Take a look at this:
Someone should tell these malcontents that the one thing the Liberals absolutely cannot afford is a divisive, faction-ridden convention in January. Either the third-place party unites, or it dies.
The malcontents, Ibbitson refers to, are those who dare to question the prudence of certain reforms being proposed by the National Board. And the unity he demands, is for the purpose of supporting these reforms.
This is a classic example of the shock doctrine in action. Take a group of people who have been traumatized, like the members of the Liberal Party, and use them as blank slate on which some elite know-it-all can write his preferred policies. Add the spectre of imminent death and the hope is the grassroots of the Liberal Party will embrace these proposals the way lemmings embrace a cliff.

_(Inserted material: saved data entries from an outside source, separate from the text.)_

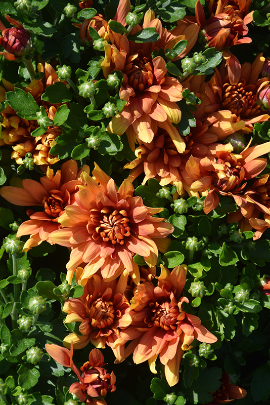 Homerun Orange Chrysanthemum is covered in stunning orange daisy flowers with coppery-bronze overtones at the ends of the stems from early to late fall. The flowers are excellent for cutting. Its fragrant ferny leaves remain dark green in colour throughout the season.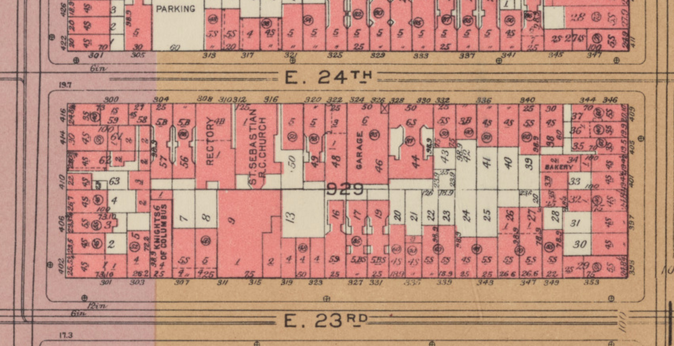 Then, when I consulted a 1955 map of that area, I noticed that one of the lots on E 24th Street was marked as Saint Sebastian Roman Catholic Church, which I thought might be the same church that appeared in the scene to the right of K&T Auto Tops.
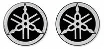 - Coppia di adesivi in resina 3D tondi con logo diapason nero-argento, ideale per personalizzare moto e scooter Yamaha.
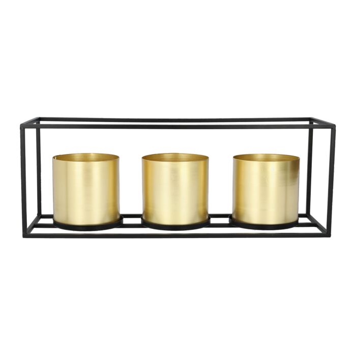 Deze ROCH-pot bestaat uit drie cilindervormige potten in goud, geplaatst in een zwart metalen frame. Dankzij de geïntegreerde ophanggaten bevestigt u de pot eenvoudig aan de muur. De potten zijn voorzien van een uitneembare binnenvoering, zodat u planten moeiteloos kunt herplanten. Totale afmetingen: 48 x 16 x 18 cm.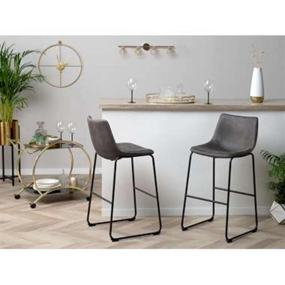 Comfortabele barstoelen in vintage look. Ontdek onze barstoelen in retro-ontwerp. Het zitvlak van de stoel is bekleed met een zachte, duurzame stof en biedt dankzij de gebogen vorm comfort. De trapeziumvormige framepoten geven de stoelen een vleugje moderniteit en maken ze de perfecte aanvulling op veel woonruimtes.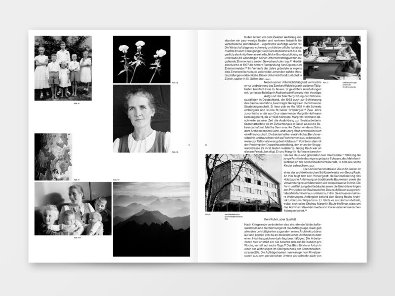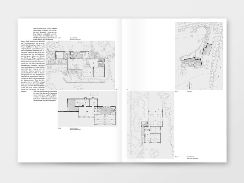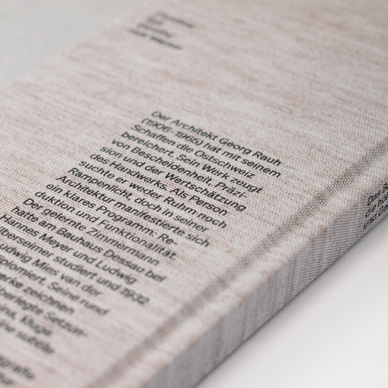 Thematik: Das Werk des Architekten Georg Rauh (1906–1965) zeugt von Bescheidenheit, Präzision und der Sorge fürs Handwerk. Er hatte am Bauhaus Dessau studiert, in seinem Schaffen manifestierte sich ein entsprechend klares Programm: Reduktion und Funktionalität. Rauhs Bauwerke zeichnen sich durch überlegte Setzungen der Volumina, kluge Grundrisse und eine subtile Materialwahl aus.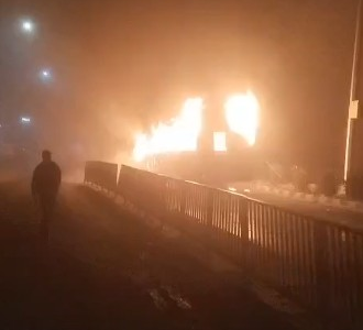 The incident took place around 5:15 a.m. in the Shri Dungargarh area when the bus, travelling from Jaipur to Bikaner, rammed into a stationary trailer, after which it was engulfed in flames.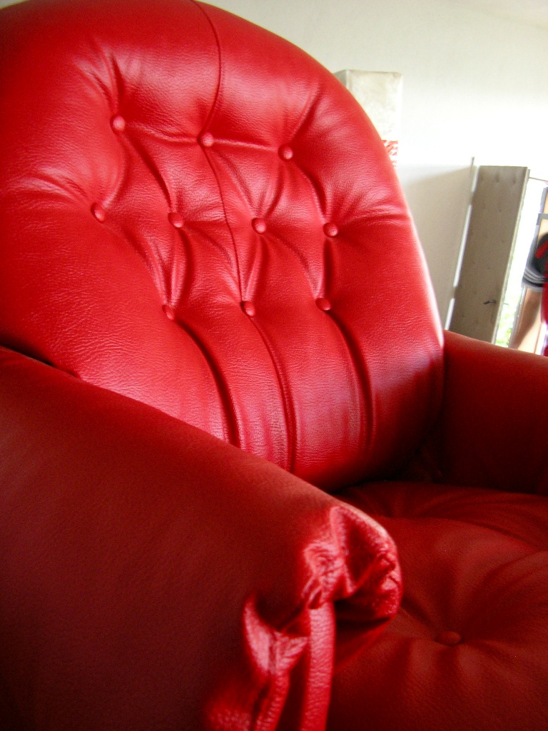 Претапициран кожен фотьойл с капитонаж(фигурно облицоване)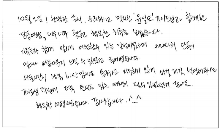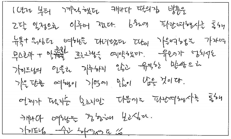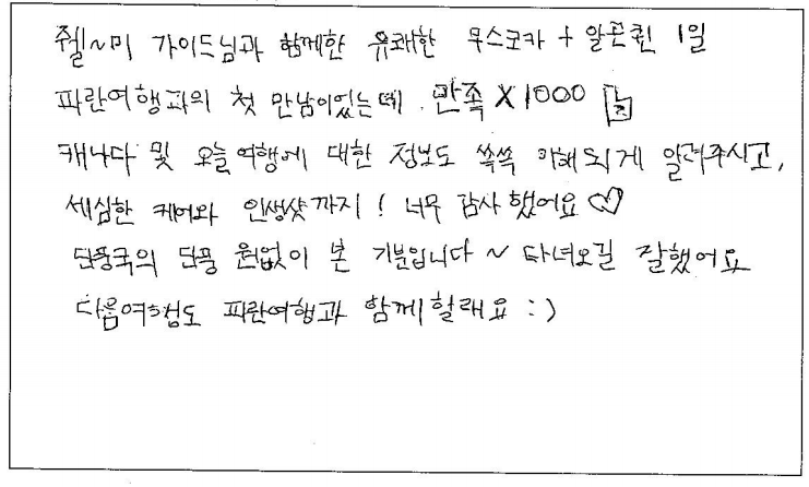 제목 | 2023년10월02일 출발 무스코카+알곤퀸1일 자필후기 | ||
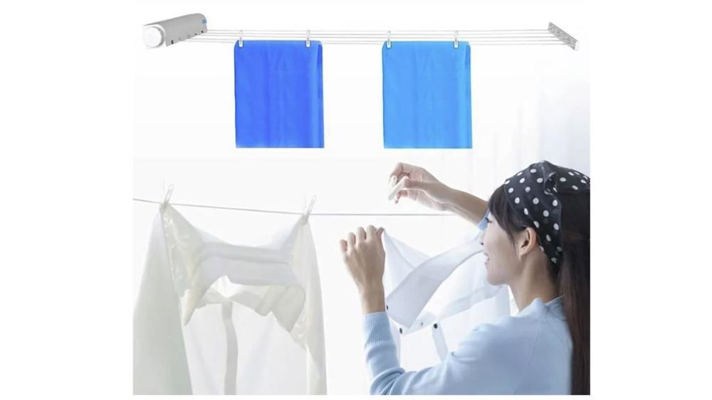 En complément de celui-ci ou d’un tancarville (si vous préférez un étendoir horizontal), équipez-vous d’un enrouleur de corde à linge rétractable avec cinq lignes de fils. Fixé entre deux murs, il n’occupe plus de place, une fois rangé. Marques : Brabantia, Leifheit, Leroy Merlin, etc.
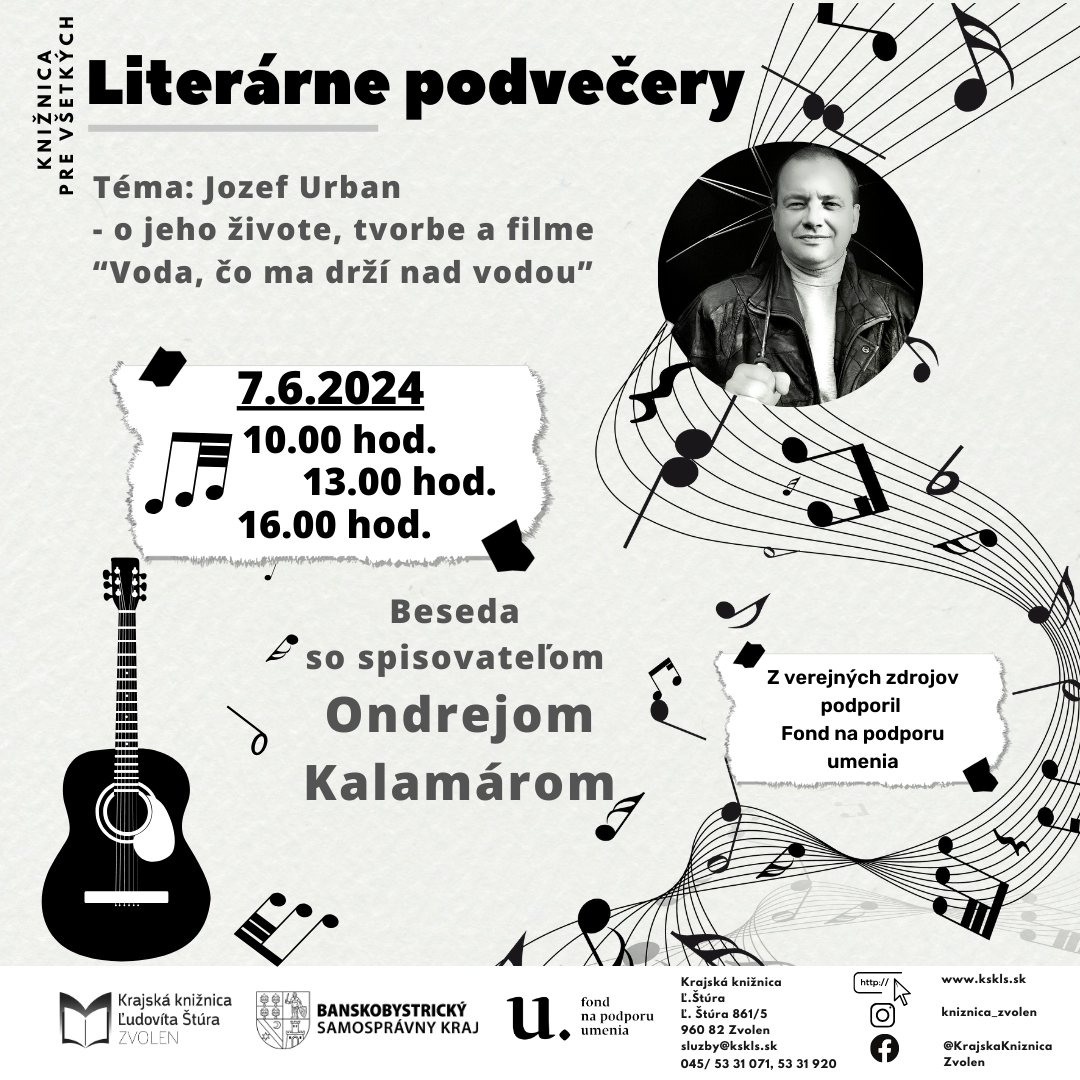 Podujatie pre žiakov základných, stredných škôl a pre širokú verejnosť pri príležitosti 60. výročia narodenia a 30. výročia úmrtia básnika, textára a redaktora Joža Urbana. Jeho život a tvorbu priblíži jeho priateľ, regionálny spisovateľ Ondrej Kalamár.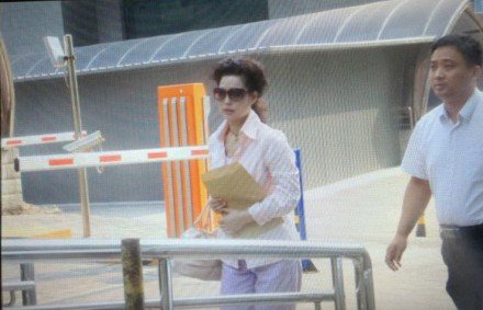 夢鴿穿著一件粉色上衣、戴著大墨鏡出現在海淀法院南門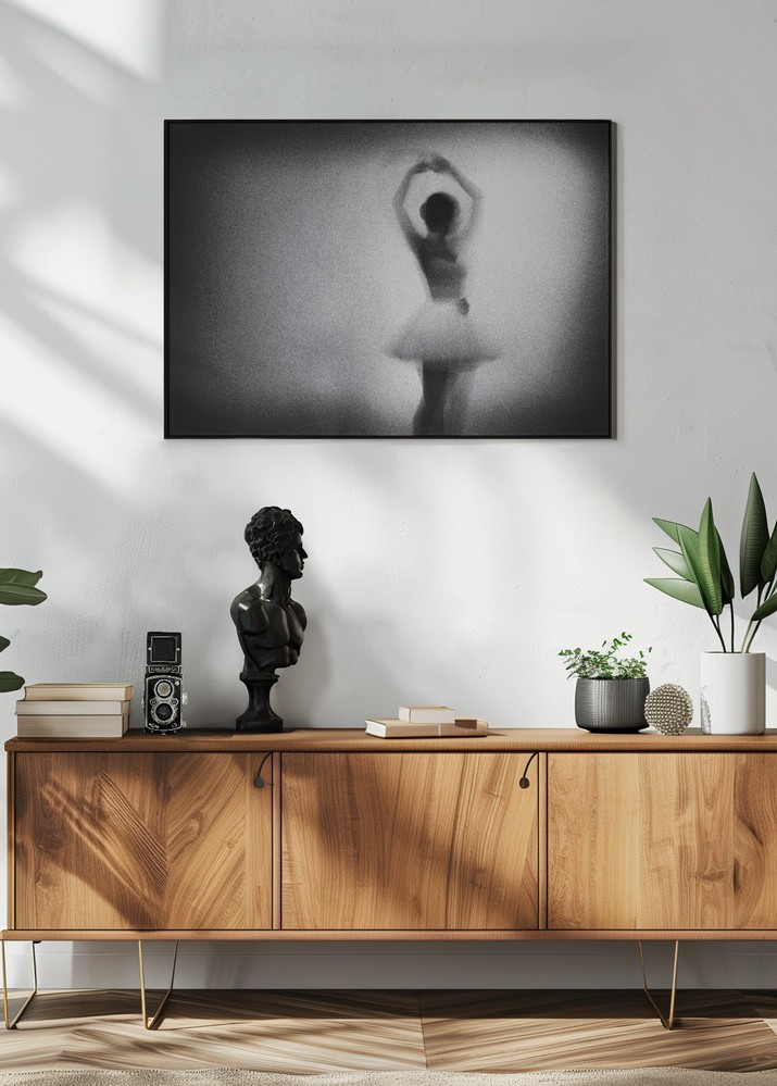 Denna eleganta poster fångar essensen av grace och rörelse med sin föreställning av en silhuett av en dansare. Med en diskret suddighet och skuggning framträder figuren i mitten, vilket ger en känsla av rörelse och mystik. Den minimalistiska stilen gör denna print till ett stilrent tillskott i hemmet, perfekt för de som uppskattar konstnärlig enkelhet och skönhet.

Ibbitson takes particular exception to anonymous LIberal MPs who doubt the usefulness of open nominations at the riding level. May I suggest that he take a quick glance South of the border to see what this type of process has wrought over the past 20 years. Thanks to open nominations and the Club for Growth, the moderate wing of Republican Party no longer exists. And the ongoing failure of American politicians to address the debt crisis is directly related to the manipulation of an open nominating process by special interests.
I'm not saying Liberals shouldn't adopt open nominations, maybe they should. But to label anyone who raises concerns as malcontents, divisive and promoting factionalism is as brazen as it is intellectually dishonest, which is to say very.
Many of these proposals have a rather specious quality to them and lose their lustre on closer inspection. Not to mention that they haven't even been finalized yet.
So I'm afraid John Ibbitson will just have to learn to tolerate a little dissent as Liberals work out the details of his pet project for themselves.
2 comments:
I would take John Ibbitson with a grain of salt. This is the same columnist who was ga ga giddy for Harper to release "wild Steve" and do his worst shortly after the last election. He had written other columns related to that. Clearly, it is not within Ibbitson, or those like him, for the Liberals or the NDP to succeed. They would like to see Harper in power indefinitely.
I take him with many grains of salt and he's still unpalatable.